INSTRUCTIONS TO FOLLOW: What is needed is the exact text of each line in the listing below from the one with "Piżama nocna, z" up to and including the one with "Нам нужно сделать", and no pictures.

─── DATA RECORDS ───

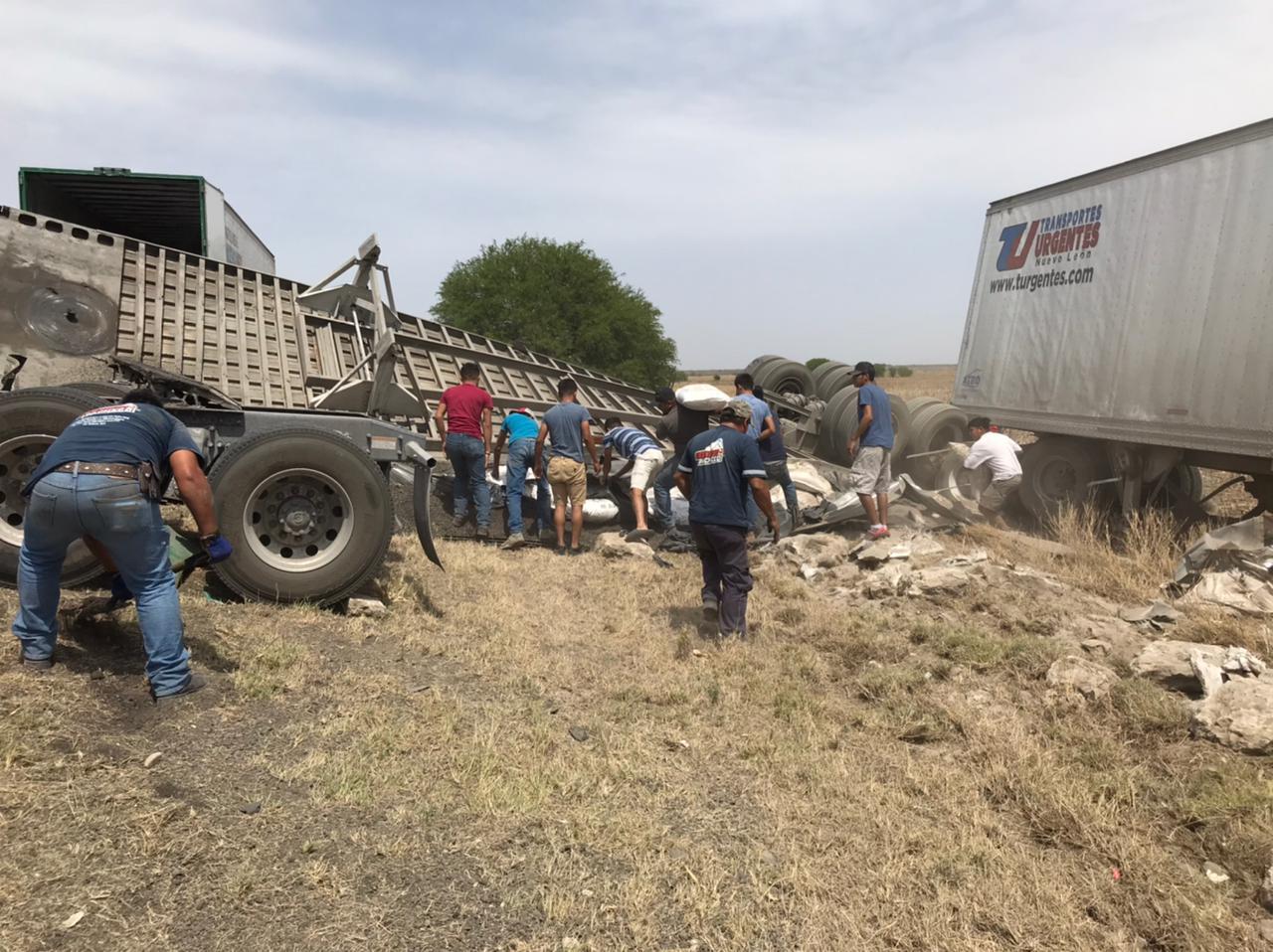 Vuelca tráiler cargado con azúcar en la carretera Victoria-Tampico
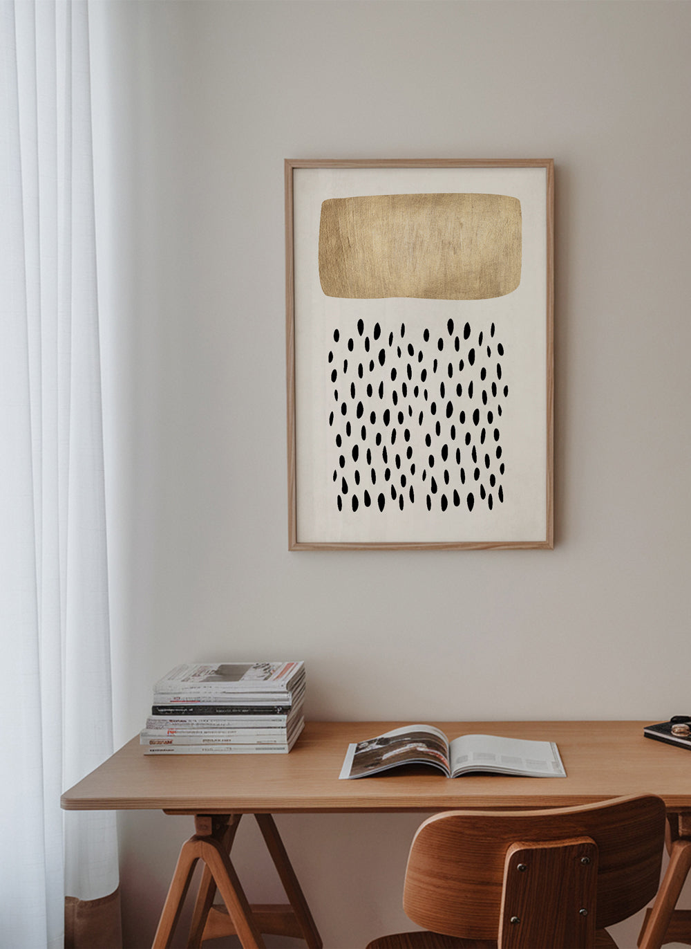 Si vous sélectionnez l'option passe-partout, nous ajouterons le tableau blanc mat au cadre, et nous réduirons le dessin de l'œuvre. Par exemple, si vous sélectionnez un tirage au format 50x70 cm, avec un cadre et un passe-partout couleur chêne, nous réduirons le dessin du tirage au format précédent (40x50cm). Ainsi, il s'adaptera parfaitement à la fenêtre intérieure du passe-partout.
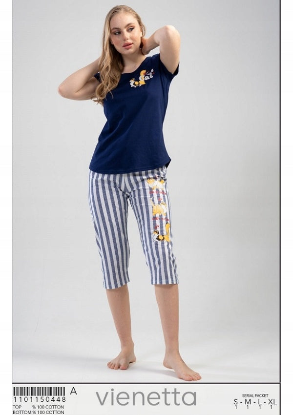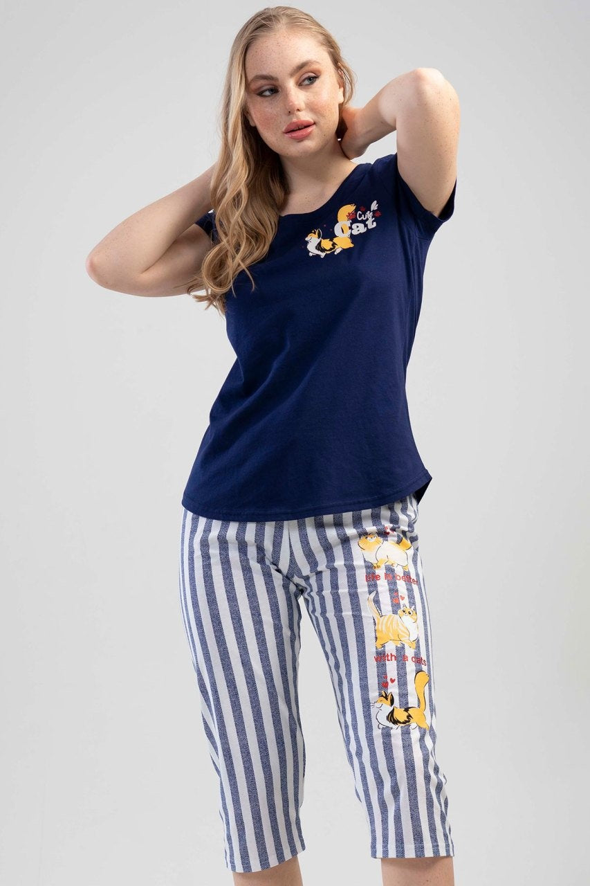 Piżama nocna, z krótkimi rękawami i ze spodniami za kolano
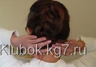 Нам нужно сделать несколько таких узелков ниже первого. В каждый из узлов добавлять по две новых прядки с боков головы. Это похоже на плетение колоска, только здесь – получаются узелки.
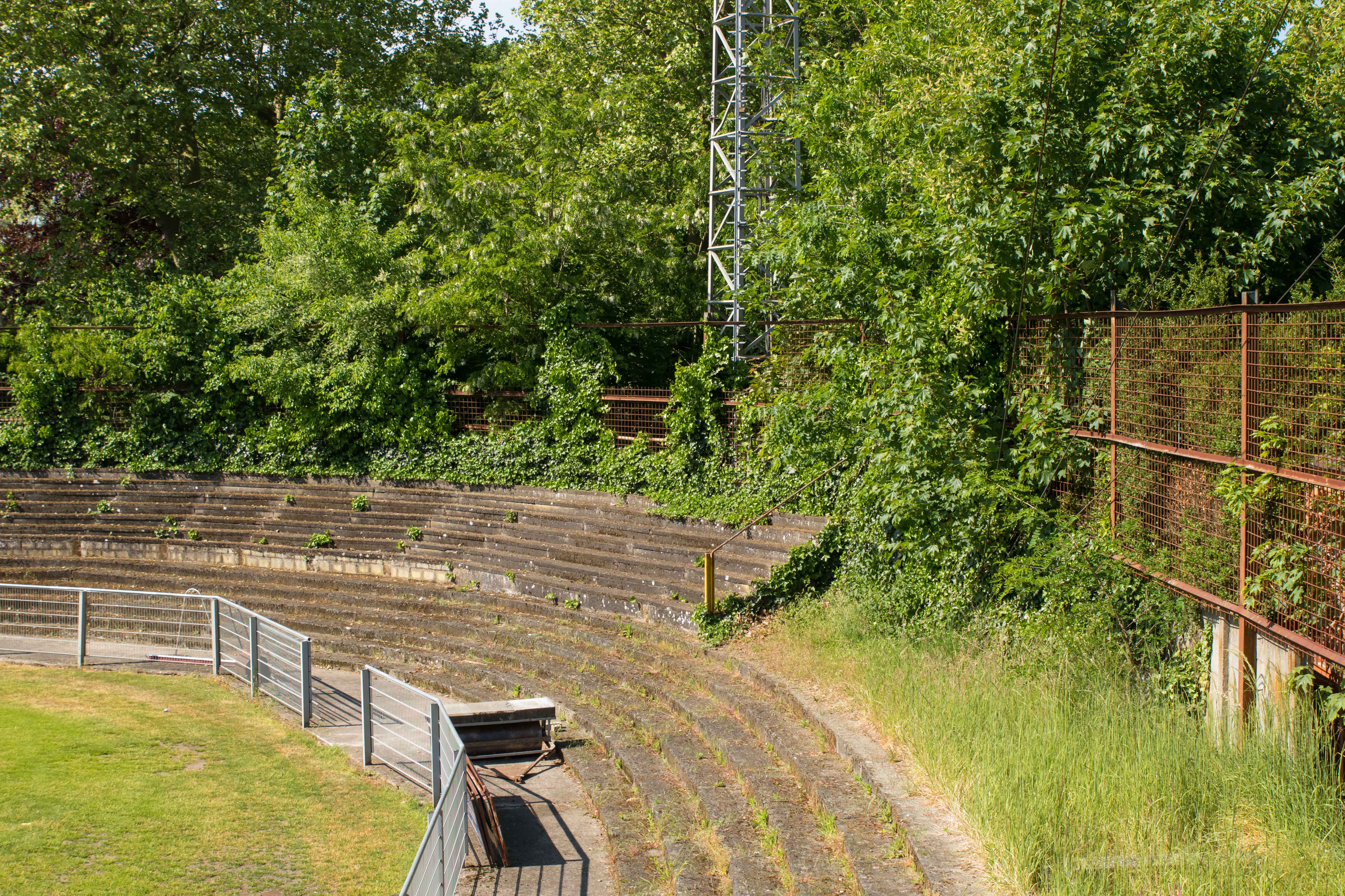 Langs de doelzijden liggen de staanplaatsen. Beton in bochten gegoten, treden met geheugen. Hier staan mensen die elkaar niet hoeven aan te kijken om gesprekken te voeren. Hier wordt het leven besproken terwijl het spel voorbijtrekt. Werk, kinderen, blessures, de scheidsrechter, de maandag. Het gras groeit door de kieren, klimop zoekt zijn weg omhoog alsof het zich voorzichtig tussen het publiek wil mengen. De natuur neemt niets over. Ze sluit aan.

───

ANSWER AREA:
 Piżama nocna, z krótkimi rękawami i ze spodniami za kolano
 Нам нужно сделать несколько таких узелков ниже первого. В каждый из узлов добавлять по две новых прядки с боков головы. Это похоже на плетение колоска, только здесь – получаются узелки.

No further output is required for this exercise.